Uncategorized

Ready to study?

With finals scheduled in another week, students on campus are cracking open the textbooks and piling up the flashcards.

According to a study done at Clemson University, college is a time of many transitions, both social and intellectual. With college-level courses typically come more intensive study habits and learning what works for each individual.

While some students work well under pressure, others have to prepare for tests a week in advance in order to be ready for an exam. With finals around the corner, students begin to get organized and focus on the questions to come and what techniques to use. But what techniques are most effective?

High school habits

“In high school I didn’t really study. I was a very C student, being more active in band. I was a band nerd, and I went to all the competitions,” Kerry Cookston, a non-traditional student with a dual major of History and English. “It was more important to learn my music than to study for my classes. But I did make it to state.”

Shena Bowman, a freshman marine biology major, agreed.

“High school was a lot different. You could just kind of pick up what you heard in class,” she said. “I didn’t study as much because I didn’t have to. Now I do,” Bowman said.

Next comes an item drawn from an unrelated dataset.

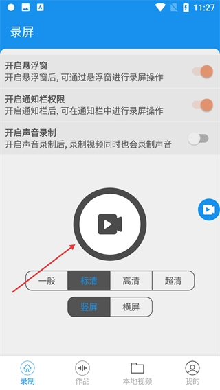 4、进入录屏设置页面后,能够开启【悬浮窗】【通知栏权限】【声音录制】等功能,还可以选择画质以及横竖屏模式,点击页面中间的录屏按钮就能启动录制操作。

Crystal Walker, a freshman pre-veterinary major, said she didn’t try that hard in high school either. Now, she looks over her notes “at least 20 times, if not more.”

Last-minute studying

Prisciliano Rodriguez, 22 of Dallas, said he prefers to wait until the night before the test to study.

“I go over notes and examples to try to work the problems again,” he said.

According to Rodriguez, an industrial engineering and math double major, for him it depends on the subject to determine how he will prepare for the tests. For philosophy, he said he does a lot of reading and reviewing the notes from the class.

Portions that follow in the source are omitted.